The chaos is not limited to the Security Council he adds.

“Despite modest management reforms, the UN Secretariat and many UN agencies remain opaque, and their budgeting and operations are hamstrung by outdated personnel policies that encourage cronyism. Within the UN General Assembly, meanwhile, irresponsible actors who play to the galleries often dominate debates, and too many resolutions reflect encrusted regional and ideological blocs that somehow persist long after their sell-by date.

“With the Security Council dominated by the old guard, rising powers have begun eyeing possible alternative venues for achieving influence and expressing their concerns. Shifts in global power have always ultimately produced shifts in the institutional superstructure, but what is distinctive today is the simultaneous emergence of multiple power centers with regional and potentially global aspirations.”

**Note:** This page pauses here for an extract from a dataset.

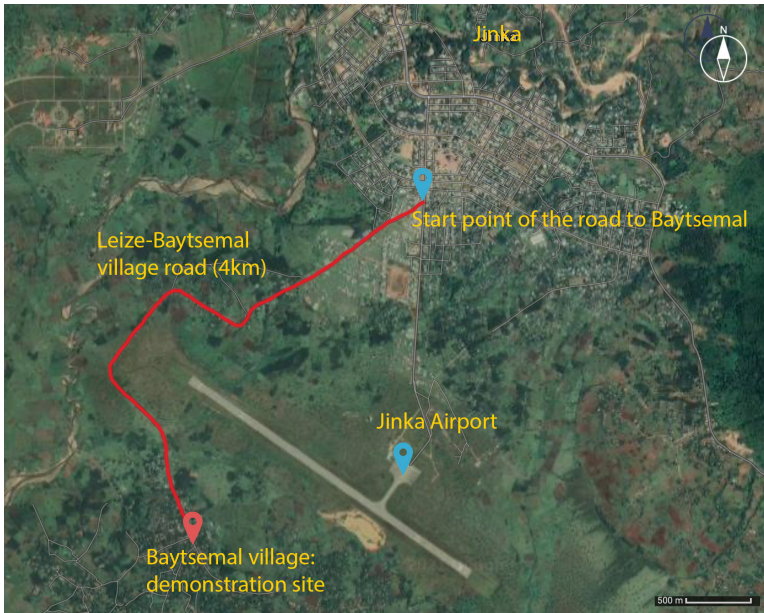
Figure 1. Site Map (wide)

(This map was created by authors based on the google maps data.)

Andrew Browne writes in The Wall Street Journal about the dangerous rivalry developing between Japan and China.

“In theory, a simultaneous flowering of these two economies should have a benefit for each other—and, therefore, the whole region. They are, after all, immensely complementary: Japan has formidable industrial organization, technological mastery and financial depth; China is a fount of lower-end manufactures and agricultural produce.

“The reality, though, is that politics are driving them apart. Spurring the economic ambitions of both Mr. Xi and Mr. Abe is a nationalism that’s rooted in their brutally contested recent past.”

That rivalry has emerged at the global financial meeting in Davos, Switzerland, reports The Los Angeles Times.

Beginning with a speech by Japanese Prime Minister Shinzo Abe that outlined his fiscal policies, more commoly known as Abenomics.

“‘We must restrain military expansion in Asia … which otherwise could go unchecked,’ Abe warned the global business and political delegates without specifically naming China. ‘If peace and stability were shaken in Asia, the knock-on effect for the entire world would be enormous.’

“Obviously alluding to Beijing’s impressive economic performance over the last decade, Abe warned that “the dividend of growth in Asia must not be wasted on military expansion.’ Abe also called for making military budgets ‘completely transparent,’ another dig at China.”

0oNew Book Examines The Post-WWII Relationship Between Jews And Germans
Yascha Mounk, a 31-year-old German Jew who’s a doctoral candidate at Harvard, writes in a new book, Stranger in My Own Country: A Jewish Family in Modern Germany about his own search for an identity and explores German attitudes toward Jews during the 70 years following the Holocaust.

“Perhaps this is the most important lesson from Mounk’s book: Ethnic alienation is more personal than political. Mounk speaks German without an accent; he looks similar to his fellow countrymen; he doesn’t even observe major Jewish holidays. Yet growing up in Germany in the 1990s and 2000s, he felt totally different from his peers. Almost implausibly, the abstract idea of collective national guilt defined his everyday life in a big way,” The Atlantic’s Emma Green says in reviewing the book.

Does Wealth And Inequality Produce Poverty?
Dan Mitchell, a senior fellow at the Cato Institute, takes on the assertion being made by some financial leaders in Davos that inequality is contributing to an increase in poverty. Citing academic research, he makes a distinction between wealth earned through graft and wealthy earned through work saying that “wealth achieved via government is cronyism, and that contributes to economic stagnation.”

He builds on that statement saying, “The bottom line is that the poor aren’t poor because of honest rich people. The poor are suffering because of big government, including the cronyism that lines the pockets of dishonest companies and individuals that feed at the public trough. Unfortunately, many insider leftists are perfectly content with those policies and they use inequality to distract voters from the real problem,” he argues in The Commentator.